+++ DATASET EXTRACT

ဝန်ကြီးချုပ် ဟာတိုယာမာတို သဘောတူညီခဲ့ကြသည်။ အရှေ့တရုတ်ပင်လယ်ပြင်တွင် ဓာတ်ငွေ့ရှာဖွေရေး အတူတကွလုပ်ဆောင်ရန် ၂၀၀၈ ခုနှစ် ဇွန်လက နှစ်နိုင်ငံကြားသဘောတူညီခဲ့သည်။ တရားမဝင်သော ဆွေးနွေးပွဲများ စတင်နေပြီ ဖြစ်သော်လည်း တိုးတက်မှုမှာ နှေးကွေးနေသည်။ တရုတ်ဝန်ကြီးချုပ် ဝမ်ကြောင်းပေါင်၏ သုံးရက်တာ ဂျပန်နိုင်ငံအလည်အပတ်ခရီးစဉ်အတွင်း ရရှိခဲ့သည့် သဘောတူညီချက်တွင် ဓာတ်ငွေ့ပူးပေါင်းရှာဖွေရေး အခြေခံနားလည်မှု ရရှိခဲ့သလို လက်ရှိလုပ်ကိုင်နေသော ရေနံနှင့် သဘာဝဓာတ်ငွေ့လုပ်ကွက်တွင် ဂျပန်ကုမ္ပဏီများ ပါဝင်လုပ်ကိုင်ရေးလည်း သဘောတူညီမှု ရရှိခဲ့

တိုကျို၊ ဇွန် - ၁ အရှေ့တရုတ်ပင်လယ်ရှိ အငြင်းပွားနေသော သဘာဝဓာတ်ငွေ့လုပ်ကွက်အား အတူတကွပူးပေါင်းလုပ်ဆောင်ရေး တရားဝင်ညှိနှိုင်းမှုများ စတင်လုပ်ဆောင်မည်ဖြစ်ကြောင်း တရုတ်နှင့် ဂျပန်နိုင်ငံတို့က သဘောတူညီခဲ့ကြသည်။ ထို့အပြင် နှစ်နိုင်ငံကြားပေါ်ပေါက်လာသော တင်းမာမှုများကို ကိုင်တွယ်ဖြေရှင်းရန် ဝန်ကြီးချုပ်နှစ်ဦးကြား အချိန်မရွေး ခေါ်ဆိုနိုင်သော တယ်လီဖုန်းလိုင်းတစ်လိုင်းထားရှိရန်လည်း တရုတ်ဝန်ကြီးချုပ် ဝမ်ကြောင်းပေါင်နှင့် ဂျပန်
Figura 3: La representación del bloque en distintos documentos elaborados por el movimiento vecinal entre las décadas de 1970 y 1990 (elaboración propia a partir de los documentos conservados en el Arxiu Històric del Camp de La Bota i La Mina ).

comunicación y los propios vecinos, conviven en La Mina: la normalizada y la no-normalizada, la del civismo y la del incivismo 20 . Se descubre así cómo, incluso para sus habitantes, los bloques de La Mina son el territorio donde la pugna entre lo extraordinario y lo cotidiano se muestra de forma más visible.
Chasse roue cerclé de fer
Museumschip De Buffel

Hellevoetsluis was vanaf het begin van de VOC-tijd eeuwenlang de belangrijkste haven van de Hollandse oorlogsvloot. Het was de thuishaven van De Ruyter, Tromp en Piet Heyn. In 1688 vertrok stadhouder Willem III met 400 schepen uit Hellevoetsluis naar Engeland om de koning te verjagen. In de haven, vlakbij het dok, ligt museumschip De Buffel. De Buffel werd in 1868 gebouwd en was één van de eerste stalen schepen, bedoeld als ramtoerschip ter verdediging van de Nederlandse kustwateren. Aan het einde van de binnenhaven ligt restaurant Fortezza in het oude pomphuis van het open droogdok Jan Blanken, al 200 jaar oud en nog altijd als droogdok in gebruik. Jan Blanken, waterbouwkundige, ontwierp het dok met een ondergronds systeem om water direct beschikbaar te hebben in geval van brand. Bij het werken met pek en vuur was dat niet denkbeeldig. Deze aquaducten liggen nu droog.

++++++
+++ DATASET EXTRACT

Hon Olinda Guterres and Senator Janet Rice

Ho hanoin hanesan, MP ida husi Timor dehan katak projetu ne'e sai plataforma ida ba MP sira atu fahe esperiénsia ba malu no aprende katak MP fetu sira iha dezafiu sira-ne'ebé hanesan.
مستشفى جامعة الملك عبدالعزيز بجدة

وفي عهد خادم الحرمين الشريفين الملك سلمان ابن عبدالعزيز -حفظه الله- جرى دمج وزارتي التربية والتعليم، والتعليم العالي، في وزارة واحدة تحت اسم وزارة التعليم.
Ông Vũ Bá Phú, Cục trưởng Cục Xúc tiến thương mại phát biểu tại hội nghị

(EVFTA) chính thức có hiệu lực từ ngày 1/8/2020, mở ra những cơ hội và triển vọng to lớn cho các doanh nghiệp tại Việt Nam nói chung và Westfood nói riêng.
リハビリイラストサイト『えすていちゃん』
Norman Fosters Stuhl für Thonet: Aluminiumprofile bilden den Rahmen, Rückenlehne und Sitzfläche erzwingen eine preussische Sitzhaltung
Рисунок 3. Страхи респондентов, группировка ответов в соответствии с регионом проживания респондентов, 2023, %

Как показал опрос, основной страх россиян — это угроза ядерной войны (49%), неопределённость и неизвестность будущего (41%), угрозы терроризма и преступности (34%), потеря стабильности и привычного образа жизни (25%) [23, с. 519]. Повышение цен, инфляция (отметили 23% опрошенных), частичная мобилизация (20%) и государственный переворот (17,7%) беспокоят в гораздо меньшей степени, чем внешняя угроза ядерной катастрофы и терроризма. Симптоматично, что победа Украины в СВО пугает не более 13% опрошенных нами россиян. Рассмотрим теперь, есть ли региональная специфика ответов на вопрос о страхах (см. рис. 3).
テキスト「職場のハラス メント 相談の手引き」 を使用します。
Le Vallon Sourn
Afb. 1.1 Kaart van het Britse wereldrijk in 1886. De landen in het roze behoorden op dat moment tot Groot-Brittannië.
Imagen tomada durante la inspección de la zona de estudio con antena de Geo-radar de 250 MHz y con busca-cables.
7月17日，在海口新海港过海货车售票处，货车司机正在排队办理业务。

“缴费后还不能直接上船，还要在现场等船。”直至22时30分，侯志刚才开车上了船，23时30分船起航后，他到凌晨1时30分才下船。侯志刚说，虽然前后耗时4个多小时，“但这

++++++
+++ DATASET EXTRACT

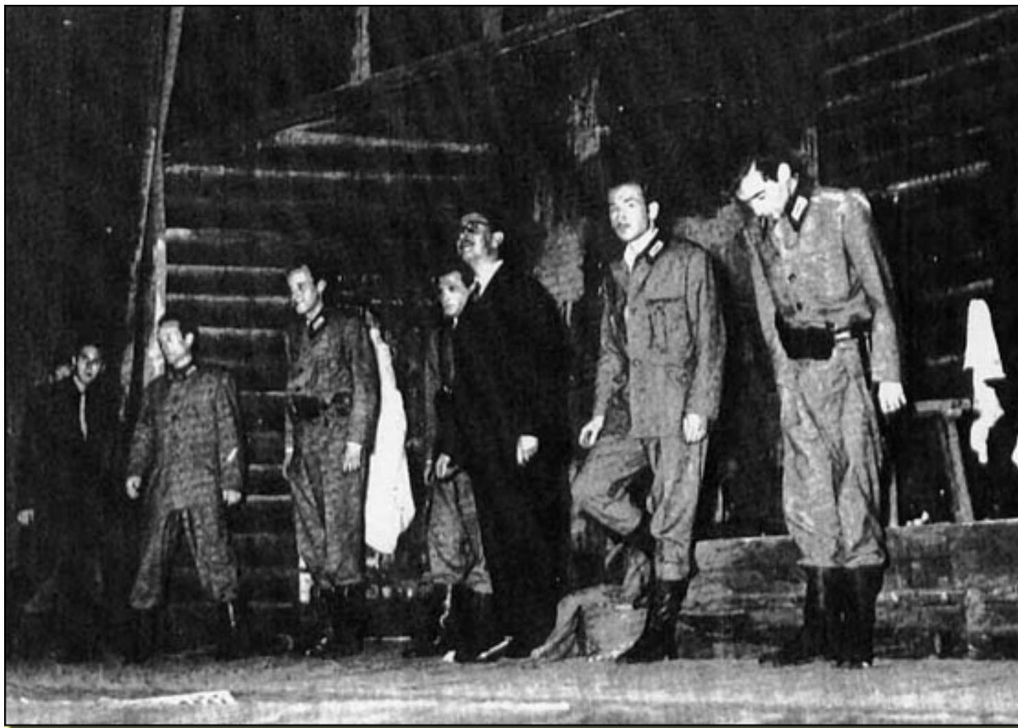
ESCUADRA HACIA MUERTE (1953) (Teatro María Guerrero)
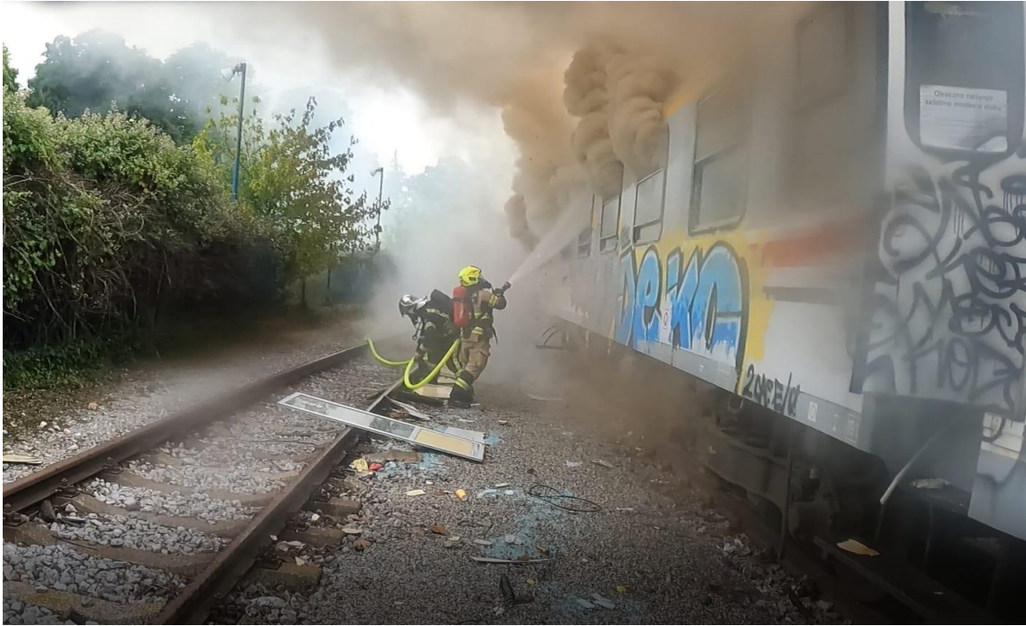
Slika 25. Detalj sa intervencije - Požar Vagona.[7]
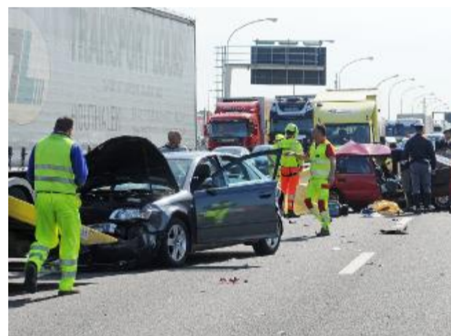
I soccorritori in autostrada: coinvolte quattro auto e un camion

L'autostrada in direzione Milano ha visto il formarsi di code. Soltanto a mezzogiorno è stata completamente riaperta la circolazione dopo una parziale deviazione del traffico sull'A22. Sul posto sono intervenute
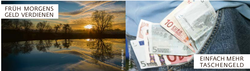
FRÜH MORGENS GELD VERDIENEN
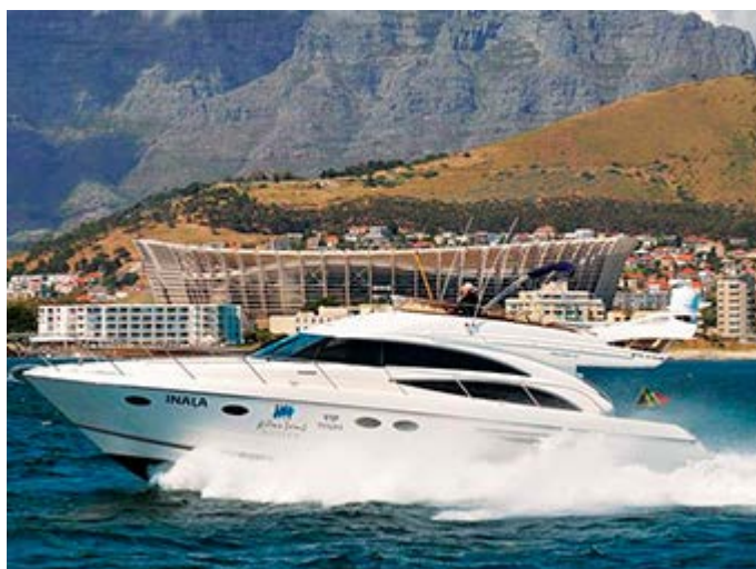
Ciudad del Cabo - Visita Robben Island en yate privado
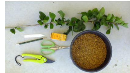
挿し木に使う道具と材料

++++++

__TASK TO COMPLETE__
Nothing but the lines above, starting at the line that contains "ESCUADRA HACIA MUERTE" and ending at the line that contains "挿し木に使う道具と材料", should be given again, exactly and without the pictures.

__EXERCISE OUTPUT__
ESCUADRA HACIA MUERTE (1953) (Teatro María Guerrero)
Slika 25. Detalj sa intervencije - Požar Vagona.[7]
I soccorritori in autostrada: coinvolte quattro auto e un camion

L'autostrada in direzione Milano ha visto il formarsi di code. Soltanto a mezzogiorno è stata completamente riaperta la circolazione dopo una parziale deviazione del traffico sull'A22. Sul posto sono intervenute
FRÜH MORGENS GELD VERDIENEN
Ciudad del Cabo - Visita Robben Island en yate privado
挿し木に使う道具と材料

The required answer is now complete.